Machine learning (ML) algorithms are optimized for the distribution represented by the training data. For outlier data, they often deliver predictions with equal confidence, even though these should not be trusted. In order to deploy ML-based digital pathology solutions in clinical practice, effective methods for detecting anomalous data are crucial to avoid incorrect decisions in the outlier scenario. We propose a new unsupervised learning approach for anomaly detection in histopathology data based on generative adversarial networks (GANs). Compared to the existing GAN-based methods that have been used in medical imaging, the proposed approach improves significantly on performance for pathology data. Our results indicate that histopathology imagery is substantially more complex than the data targeted by the previous methods. This complexity requires not only a more advanced GAN architecture but also an appropriate anomaly metric to capture the quality of the reconstructed images.

Survey of XAI in digital pathology

Artificial intelligence (AI) has shown great promise for diagnostic imaging assessments. However, the application of AI to support medical diagnostics in clinical routine comes with many challenges. The algorithms should have high prediction accuracy but also be transparent, understandable and reliable. Thus, explainable artificial intelligence (XAI) is highly relevant for this domain. We present a survey on XAI within digital pathology, a medical imaging sub-discipline with particular characteristics and needs. The review includes several contributions. Firstly, we give a thorough overview of current XAI techniques of potential relevance for deep learning methods in pathology imaging, and categorise them from three different aspects. In doing so, we incorporate uncertainty estimation methods as an integral part of the XAI landscape. We also connect the technical methods to the specific prerequisites in digital pathology and present findings to guide future research efforts. The survey is intended for both technical researchers and medical professionals, one of the objectives being to establish a common ground for cross-disciplinary discussions.

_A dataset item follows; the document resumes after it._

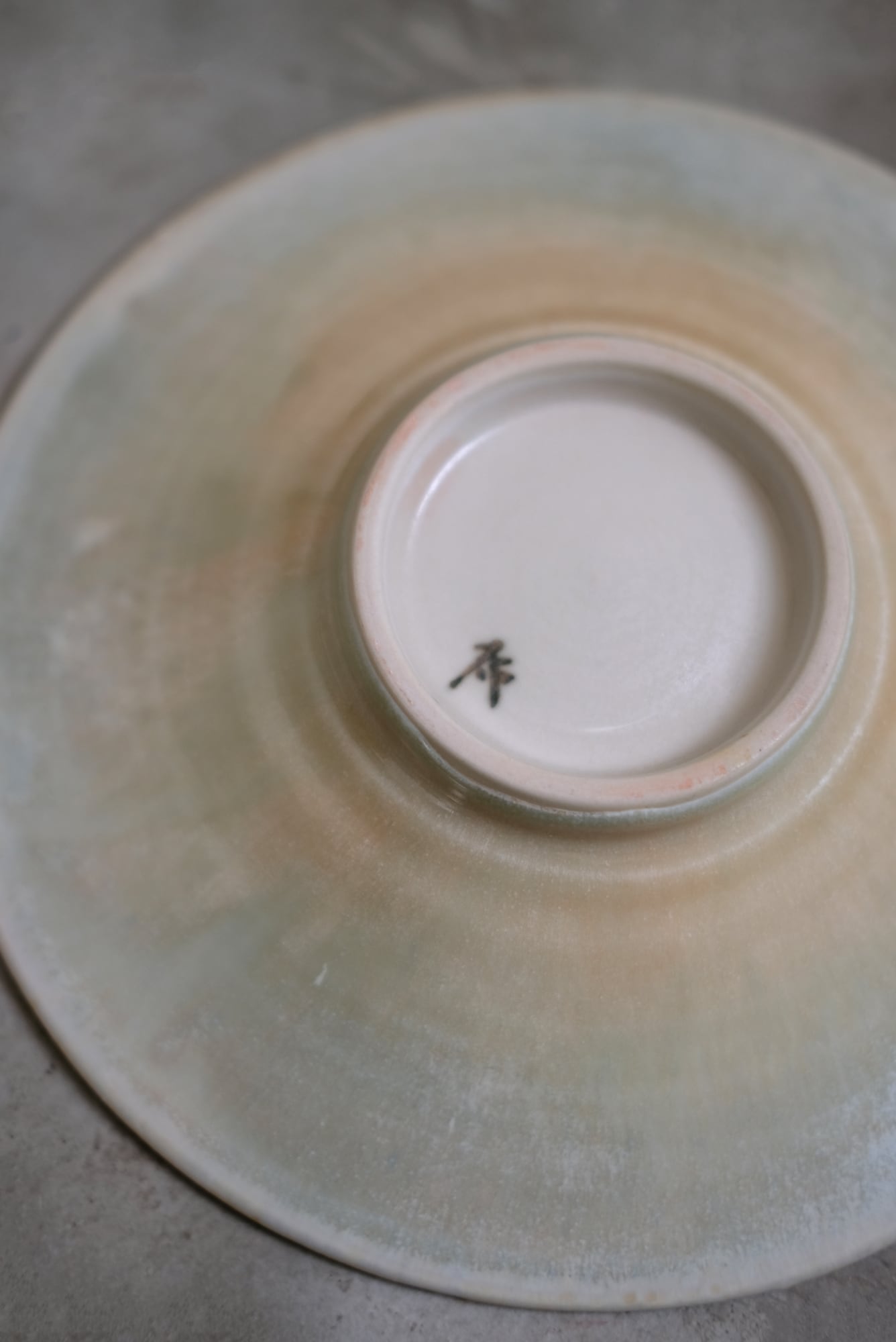 絵を描くように釉薬を重ね、偶然と必然が交わる中で多彩な表情が立ち現れる中園さんの器。流れ、にじみ、重なりあった色は、光の移ろいに呼応しながら、ひとつとして同じもののない景色をうつわの中に見せてくれます。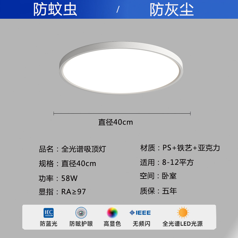 全光谱吸顶灯高亮护眼成套灯饰led灯具客厅灯卧室灯超薄款吸顶灯

A Closer Look at Domain Shift for Deep Learning in Histopathology

Domain shift is a significant problem in histopathology. There can be large differences in data characteristics of whole-slide images between medical centers and scanners, making generalization of deep learning to unseen data difficult. To gain a better understanding of the problem, we present a study on convolutional neural networks trained for tumor classification of H&E stained whole-slide images. We analyze how augmentation and normalization strategies affect performance and learned representations, and what features a trained model respond to. Most centrally, we present a novel measure for evaluating the distance between domains in the context of the learned representation of a particular model. This measure can reveal how sensitive a model is to domain variations, and can be used to detect new data that a model will have problems generalizing to. The results show how learning is heavily influenced by the preparation of training data, and that the latent representation used to do classification is sensitive to changes in data distribution, especially when training without augmentation or normalization.